Items from a data source
####################

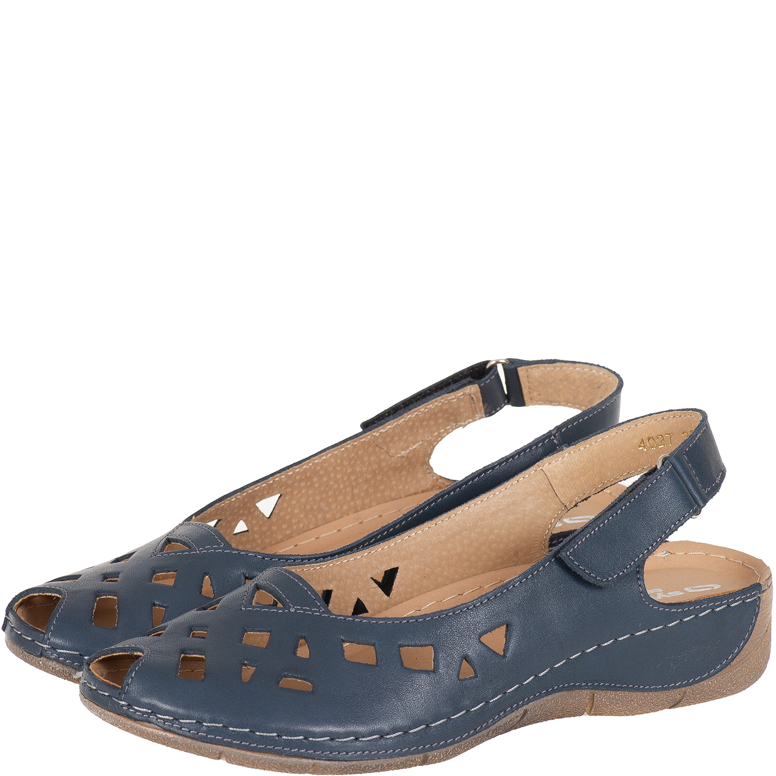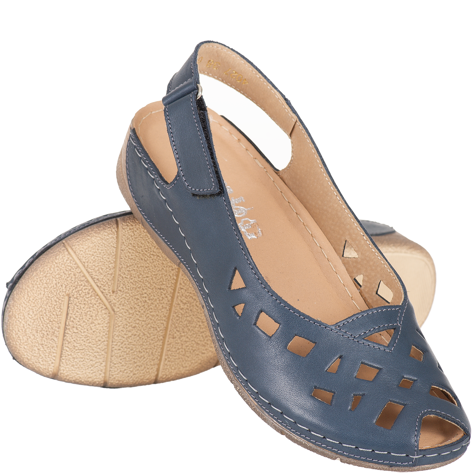 Sandały damskie polskiej marki Syrena SH 4027 – skórzane buty na lato w kolorze granatowym
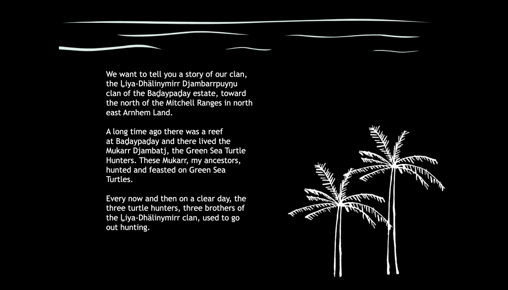 We are learning from the moment we are born - not just about one topic but about the whole ecology of life and how everything works together. Our world makes sense through our connection to each other, to animals, tides, plants, clouds, and all other elements of Country. We work our whole lives to understand the sophisticated knowledge system of these songlines. Senior Custodians and Djungaya (Caretakers) from these clans shared their knowledge and supported the transformation of the songline into the book you see here. This story we are making is for everyone, so you can view it whenever you like . Welcome to this story that you will experience here today. The knowledge we are sharing here was created as a digital Ancestor for our young people so they can be strong in the knowledge of who they are. We are also choosing to share this with you, to help bridge the gap in understanding between our cultures. We have been told for a long time that we need to do things Balanda way. Now we are asking that Balanda respect us, our culture and the knowledge we carry.
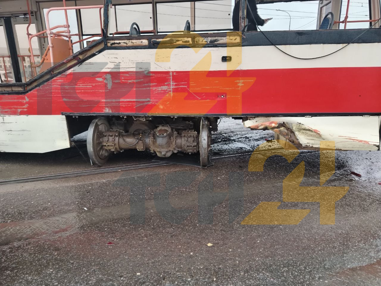 Представители оперативных служб рассказали изданию, что причиной ДТП стал сошедший с рельсов трамвай, который занесло на «встречку», где были маршрутки. Это случилось из-за дефекта трамвайных путей.
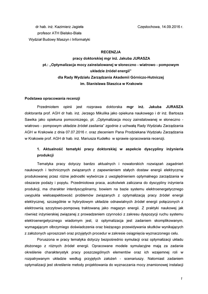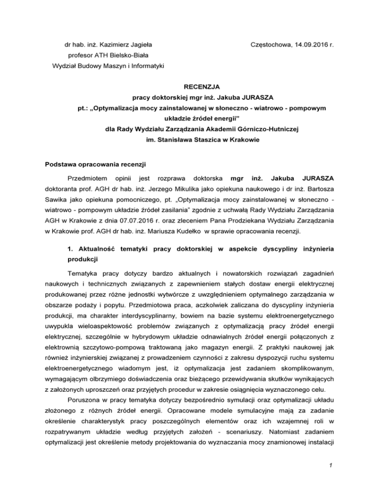 dr hab. inż. Kazimierz Jagieła Częstochowa, 14.09.2016 r. profesor ATH Bielsko-Biała Wydział Budowy Maszyn i Informatyki RECENZJA pracy doktorskiej mgr inż. Jakuba JURASZA pt.: „Optymalizacja mocy zainstalowanej w słoneczno - wiatrowo - pompowym układzie źródeł energii” dla Rady Wydziału Zarządzania Akademii Górniczo-Hutniczej im. Stanisława Staszica w Krakowie Podstawa opracowania recenzji Przedmiotem opinii jest rozprawa doktorska mgr inż. Jakuba JURASZA doktoranta prof. AGH dr hab. inż. Jerzego Mikulika jako opiekuna naukowego i dr inż. Bartosza Sawika jako opiekuna pomocniczego, pt. „Optymalizacja mocy zainstalowanej w słoneczno wiatrowo - pompowym układzie źródeł zasilania” zgodnie z uchwałą Rady Wydziału Zarządzania AGH w Krakowie z dnia 07.07.2016 r. oraz zleceniem Pana Prodziekana Wydziału Zarządzania w Krakowie prof. AGH dr hab. inż. Mariusza Kudełko w sprawie opracowania recenzji. 1. Aktualność tematyki pracy doktorskiej w aspekcie dyscypliny inżynieria produkcji Tematyka pracy dotyczy bardzo aktualnych i nowatorskich rozwiązań zagadnień naukowych i technicznych związanych z zapewnieniem stałych dostaw energii elektrycznej produkowanej przez różne jednostki wytwórcze z uwzględnieniem optymalnego zarządzania w obszarze podaży i popytu. Przedmiotowa praca, aczkolwiek zaliczana do dyscypliny inżynieria produkcji, ma charakter interdyscyplinarny, bowiem na bazie systemu elektroenergetycznego uwypukla wieloaspektowość problemów związanych z optymalizacją pracy źródeł energii elektrycznej, szczególnie w hybrydowym układzie odnawialnych źródeł energii połączonych z elektrownią szczytowo-pompową traktowaną jako magazyn energii. Z praktyki naukowej jak również inżynierskiej związanej z prowadzeniem czynności z zakresu dyspozycji ruchu systemu elektroenergetycznego wiadomym jest, iż optymalizacja jest zadaniem skomplikowanym, wymagającym olbrzymiego doświadczenia oraz bieżącego przewidywania skutków wynikających z założonych uproszczeń oraz przyjętych procedur w zakresie osiągnięcia wyznaczonego celu. Poruszona w pracy tematyka dotyczy bezpośrednio symulacji oraz optymalizacji układu złożonego z różnych źródeł energii. Opracowane modele symulacyjne mają za zadanie określenie charakterystyk pracy poszczególnych elementów oraz ich wzajemnej roli w rozpatrywanym układzie według przyjętych założeń - scenariuszy. Natomiast zadaniem optymalizacji jest określenie metody projektowania do wyznaczania mocy znamionowej instalacji 1 fotowoltaicznej oraz turbin wiatrowych, która pozwoli na zrealizowanie określonych funkcji celu. W rozprawie doktorskiej za funkcję celu przyjęto minimalizację wymiany energii pomiędzy układem źródeł PV-TW-ESP oraz korzystającym z nich odbiorcą a krajowym systemem elektroenergetycznym. Oznacza to w praktyce, iż wobec producenta energii elektrycznej pochodzącej z układu PV-TW-ESP zarówno konsument zużywający określony wolumen energii jak i operator systemu elektroenergetycznego stawiają pewne wymagania co do ilości i jakości dostarczonej energii. Recenzowana praca doktorska porusza zagadnienia zawarte w czterech następujących obszarach: • Organizacja i zarządzanie produkcjami i usługami – w pracy podjęto problem organizacji procesu wytwarzania energii pod kątem roli i zadań poszczególnych źródeł energii; • Systemy wspomagania decyzji. Zarządzanie wiedzą produkcyjną – w rozprawie przedstawiono modele matematyczne dla określonych pięciu scenariuszy służące do wspomagania w procesie podejmowania decyzji; • Prognozowanie w przedsiębiorstwie. Modelowanie i symulacja komputerowa – w dysertacji zbudowano model symulacyjny odwzorowujący proces produkcyjny polegający na wytwarzaniu energii elektrycznej w układzie hybrydowym typu PV-TW-ESP. Konstrukcja takiego modelu pozwala na dokonanie analizy roli poszczególnych elementów procesu/systemu oraz zbadanie wpływu poszczególnych zmiennych na kompleksowe funkcjonowanie w ujęciu globalnym; • Optymalizacja łańcuchów dostaw i logistyka – według Komitetu Inżynierii Produkcji (KIP) nacisk w tym obszarze położony jest na symulację i optymalizację przepływu materiałów (w przypadku recenzowanej pracy rolę materiałów przejmuje energia elektryczna krążąca w hybrydowym układzie organizacyjnym PV-TW-ESP) w celu dostarczenia i zaspokojenia odbiorcy w oczekiwane dobro. Należy również podkreślić, iż w pracy podjęto zagadnienie ciągłości procesu rozumiane tutaj jako ciągłość dostaw określonego wolumenu energii elektrycznej – pojęcie niezawodności dostaw energii elektrycznej. 2. Charakterystyka i ocena merytoryczna rozprawy doktorskiej Rozprawa liczy łącznie 183 strony i podzielona została na pięć zasadniczych rozdziałów uzupełnionych spisem bibliograficznym (rozdział szósty) oraz załącznikiem będącym zbiorem uzyskanych wyników, który obejmuje 32 strony dla pięciu przyjętych scenariuszy do opracowanych modeli optymalizacyjnych. Cytowana literatura zamieszczona w spisie bibliograficznym zawiera 166 pozycji publikacji krajowych i zagranicznych, przepisów prawnych oraz stron www, w tym 6 publikacji Doktoranta: współautorskich - 5 i samodzielnych - 1. Przed rozdziałem "Wprowadzenie" Autor na pierwszych trzech stronach zamieszcza wykazy oznaczeń i skrótów oraz oznaczeń dla przyjętych modeli matematycznych. Dalej bardzo staranie prezentuje krótkie streszczenia napisane w języku polskim, angielskim i niemieckim. 2 Rozdział pierwszy to „Wprowadzenie”, w którym Autor na bazie krótkiego syntetycznego opisu integracji niedyspozycyjnych komplementarnych odnawialnych źródeł energii z krajowym systemem energetycznym współpracującym z magazynami energii (elektrowniami szczytowopompowymi) prezentuje cztery zasadnicze cele pracy, które stanowią fundament do udowodnienia postawionej hipotezy o brzmieniu: " Metoda prz
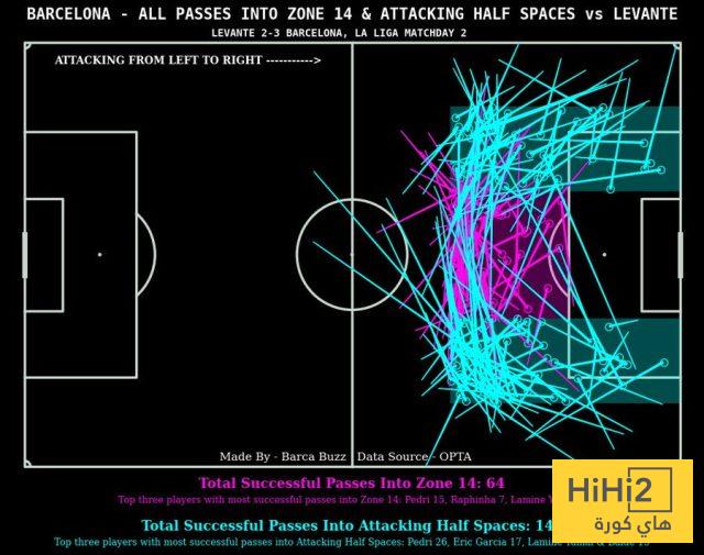 هاي كورة – أظهر برشلونة تفوقًا هجوميًا ملحوظًا أمام ليفانتي بفضل تحركاته وتمريراته الدقيقة في المناطق المؤثرة، حيث سيطر الفريق الكتالوني على المنطقة المركزية أمام منطقة الجزاء والمساحات النصفية، وهو ما كان أحد أهم مفاتيح الفوز بثلاثية لهدفين خارج معقله.
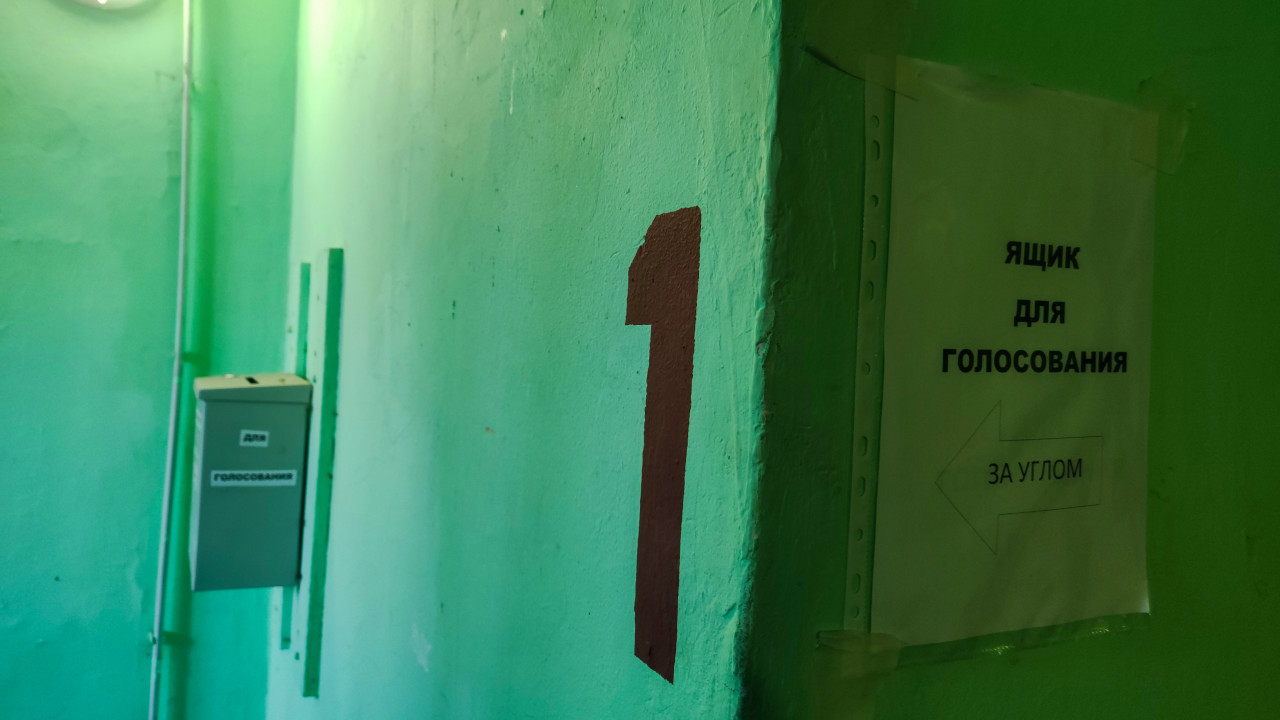 На снимке запечатлён зелёный коридор многоквартирного дома с крупной цифрой «1» на стене и указателем «ЯЩИК ДЛЯ ГОЛОСОВАНИЯ ЗА УГЛОМ». Металлический ящик для голосования прикреплён к стене слева. Стены выкрашены типичной для советских зданий зелёной краской. Атмосфера подчёркивает советский стиль и функциональность общественных пространств середины XX века. Фотография подходит для иллюстрации тем местного самоуправления, жилфонда и архитектуры массового строительства.
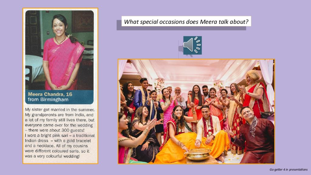 What special occasions does Meera talk about? Go getter 4 in presentations
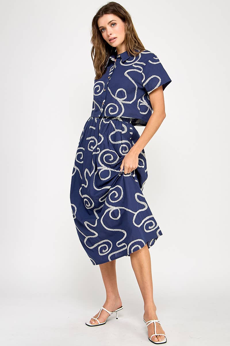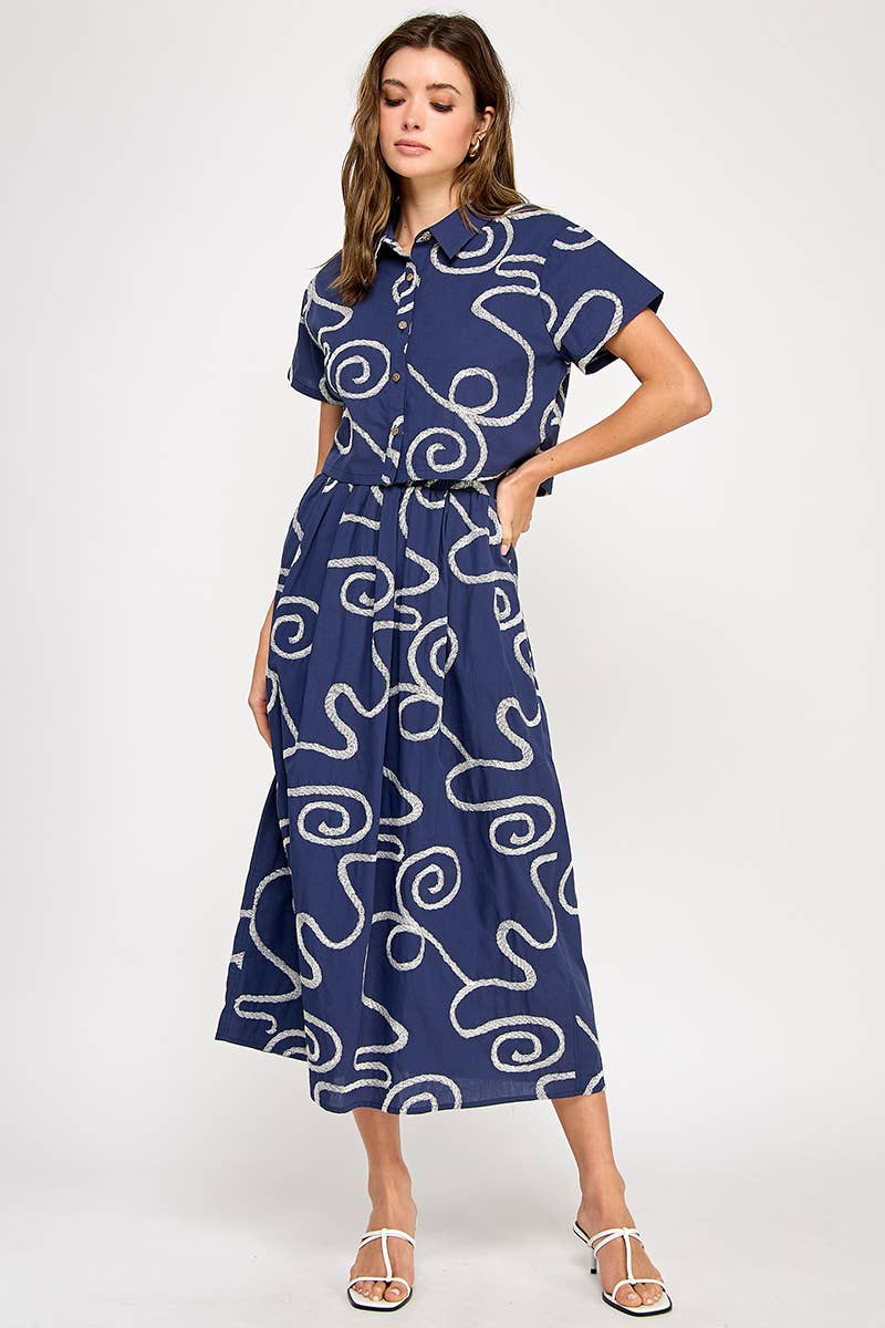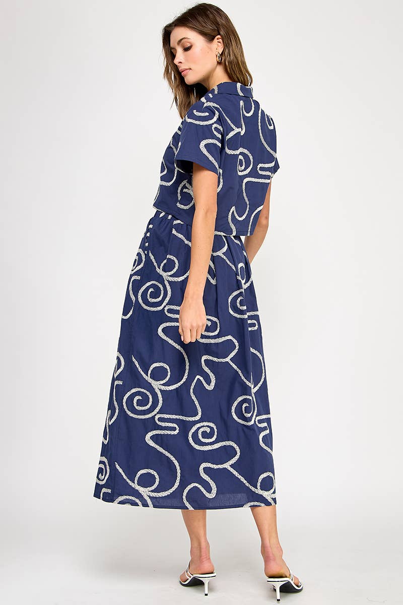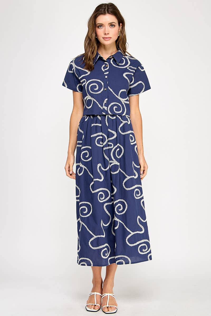 Embroidered Two Piece Matching Set, pockets, elastic waistband, cute fit.

####################

◆ Problem to work on ◆
The expected output is an exact retyping of the lines from the line with "What special occasions" through the last line of the data, with both ends kept and the pictures dropped.

◆ Finished exercise ◆
 What special occasions does Meera talk about? Go getter 4 in presentations
 Embroidered Two Piece Matching Set, pockets, elastic waistband, cute fit.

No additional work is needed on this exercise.